Try it:
Within the listing below, give again exactly the lines between the one containing "Соцсети были оформлены" and the one containing "La tela de crepé", inclusive, pictures left aside.

Extracted information:
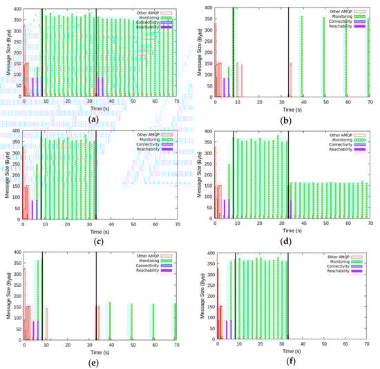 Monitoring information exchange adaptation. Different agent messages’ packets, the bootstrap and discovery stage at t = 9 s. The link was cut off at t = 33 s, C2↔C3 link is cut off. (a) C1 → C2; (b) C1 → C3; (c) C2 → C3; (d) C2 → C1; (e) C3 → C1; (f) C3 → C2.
---
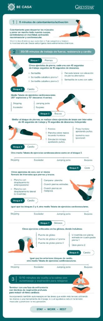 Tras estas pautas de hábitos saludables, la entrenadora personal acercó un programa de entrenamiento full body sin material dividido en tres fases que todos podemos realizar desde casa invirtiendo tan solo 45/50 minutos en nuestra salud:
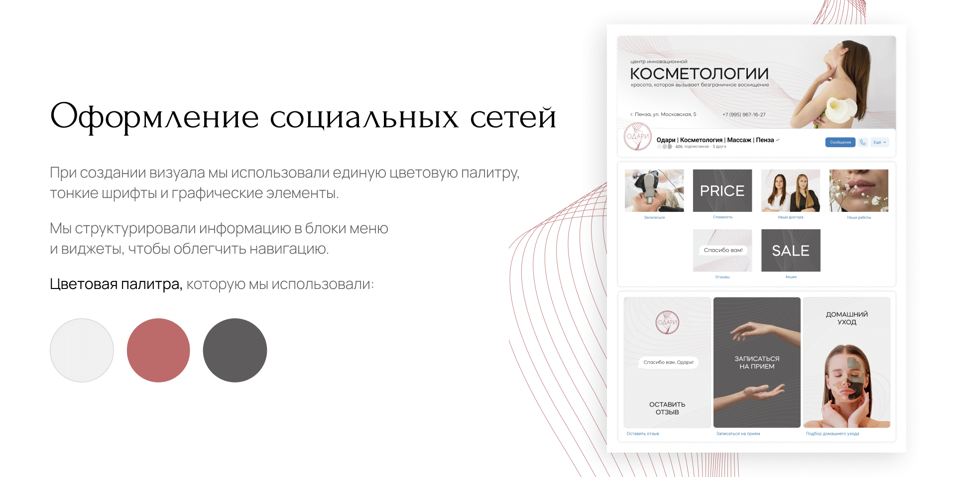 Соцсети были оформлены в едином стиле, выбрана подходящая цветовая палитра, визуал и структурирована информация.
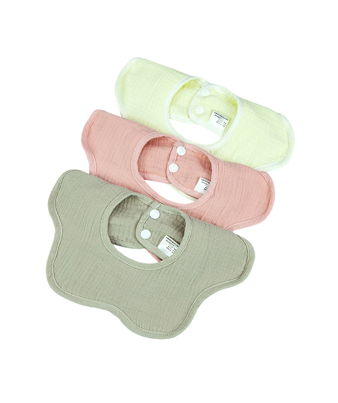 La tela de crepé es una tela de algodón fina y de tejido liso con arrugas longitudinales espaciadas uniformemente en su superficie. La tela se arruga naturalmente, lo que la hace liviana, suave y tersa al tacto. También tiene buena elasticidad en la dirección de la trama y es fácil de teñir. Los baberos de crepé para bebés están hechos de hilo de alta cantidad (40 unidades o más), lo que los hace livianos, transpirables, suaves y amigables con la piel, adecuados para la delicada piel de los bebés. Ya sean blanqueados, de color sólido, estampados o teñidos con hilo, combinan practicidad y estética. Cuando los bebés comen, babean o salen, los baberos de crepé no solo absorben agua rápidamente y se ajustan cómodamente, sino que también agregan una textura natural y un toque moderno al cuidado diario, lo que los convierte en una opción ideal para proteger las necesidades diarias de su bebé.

Response to the exercise:
 Соцсети были оформлены в едином стиле, выбрана подходящая цветовая палитра, визуал и структурирована информация.
 La tela de crepé es una tela de algodón fina y de tejido liso con arrugas longitudinales espaciadas uniformemente en su superficie. La tela se arruga naturalmente, lo que la hace liviana, suave y tersa al tacto. También tiene buena elasticidad en la dirección de la trama y es fácil de teñir. Los baberos de crepé para bebés están hechos de hilo de alta cantidad (40 unidades o más), lo que los hace livianos, transpirables, suaves y amigables con la piel, adecuados para la delicada piel de los bebés. Ya sean blanqueados, de color sólido, estampados o teñidos con hilo, combinan practicidad y estética. Cuando los bebés comen, babean o salen, los baberos de crepé no solo absorben agua rápidamente y se ajustan cómodamente, sino que también agregan una textura natural y un toque moderno al cuidado diario, lo que los convierte en una opción ideal para proteger las necesidades diarias de su bebé.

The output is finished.